Tantramar Theatre Society's artistic director Bette Douglas exclaims, "The pupils love Charles!" Douglas says Follini is, "One of the most brilliant people in the Atlantic region - writer, composer, actor, organizer, teacher! Charles is a jewel," she enthuses, "A precious resource."
An all-round person, Follini enjoys camping and horseback riding. Easygoing, he seems able to interrupt thoughts about his next creative project with friendly conversation.
In November 1997, he directed The Wild Guys by Rebecca Shaw and Andrew Wreggitt for Tantramar. A satire on Robert Bly's Iron John, four guys go on a male initiation/escape weekend in the woods. The dinner theatre production was held in a grand old Amherst building, a former post office, with the audience seated in theatre-in-the-round fashion.

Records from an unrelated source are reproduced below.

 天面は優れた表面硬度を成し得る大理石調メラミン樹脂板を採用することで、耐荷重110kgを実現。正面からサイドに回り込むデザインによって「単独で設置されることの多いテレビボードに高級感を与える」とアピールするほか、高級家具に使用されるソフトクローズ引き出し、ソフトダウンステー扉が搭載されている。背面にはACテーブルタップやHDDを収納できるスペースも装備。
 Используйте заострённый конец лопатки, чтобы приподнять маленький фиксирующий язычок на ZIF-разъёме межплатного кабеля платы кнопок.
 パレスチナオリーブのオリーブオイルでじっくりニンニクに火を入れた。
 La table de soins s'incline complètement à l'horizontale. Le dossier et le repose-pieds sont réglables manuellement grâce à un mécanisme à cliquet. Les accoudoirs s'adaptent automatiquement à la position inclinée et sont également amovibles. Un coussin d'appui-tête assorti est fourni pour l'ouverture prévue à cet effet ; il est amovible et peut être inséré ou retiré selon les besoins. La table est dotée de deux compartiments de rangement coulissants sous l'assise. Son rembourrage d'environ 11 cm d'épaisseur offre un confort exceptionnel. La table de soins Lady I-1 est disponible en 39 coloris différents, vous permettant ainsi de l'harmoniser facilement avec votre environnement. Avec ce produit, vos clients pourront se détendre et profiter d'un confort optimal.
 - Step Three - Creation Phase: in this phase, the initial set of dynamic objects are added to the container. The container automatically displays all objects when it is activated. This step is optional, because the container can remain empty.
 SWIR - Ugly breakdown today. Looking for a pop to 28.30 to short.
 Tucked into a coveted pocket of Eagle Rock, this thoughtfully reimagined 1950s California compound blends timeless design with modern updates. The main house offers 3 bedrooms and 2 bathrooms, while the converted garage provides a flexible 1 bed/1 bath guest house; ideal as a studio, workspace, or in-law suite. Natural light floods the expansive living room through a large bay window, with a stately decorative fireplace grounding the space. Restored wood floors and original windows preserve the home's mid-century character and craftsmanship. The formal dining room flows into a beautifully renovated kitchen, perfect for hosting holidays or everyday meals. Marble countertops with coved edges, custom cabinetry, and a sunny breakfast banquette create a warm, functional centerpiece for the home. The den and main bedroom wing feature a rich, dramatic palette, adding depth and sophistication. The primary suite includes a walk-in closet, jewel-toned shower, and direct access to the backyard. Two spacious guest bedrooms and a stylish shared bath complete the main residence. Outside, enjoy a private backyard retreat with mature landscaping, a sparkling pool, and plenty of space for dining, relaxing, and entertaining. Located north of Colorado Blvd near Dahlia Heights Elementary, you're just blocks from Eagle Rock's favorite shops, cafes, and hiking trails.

There's a similarity in music composition and theatre; there is counterpoint, or dialogue among players, be they musicians or characters in a play. Follini noted that in Wild Guys, "The rehearsal process was very interesting. Each character has a moment where he reveals something about himself."
"It's the actors who really create the play and the director helps shape it. It's an exciting play because there's a delicate interplay among the four characters. There's a balance, and all the characters are equally important. Together they contribute to the whole idea...the complete spectrum of humanity."
A sequel to this play by the same playwrights, Two-step, was directed by Follini in March 1998, also in dinner theatre format in the same venue. It was again a big success.
Charles Follini would like to perform in other theatres, and work with different directors. He enjoys writing and directing, but, "It seems that sometimes, whatever I've done most recently, I don't want to do for a while. As a director, you have to have ten different things on your mind. In acting, you just do it. You can throw it out?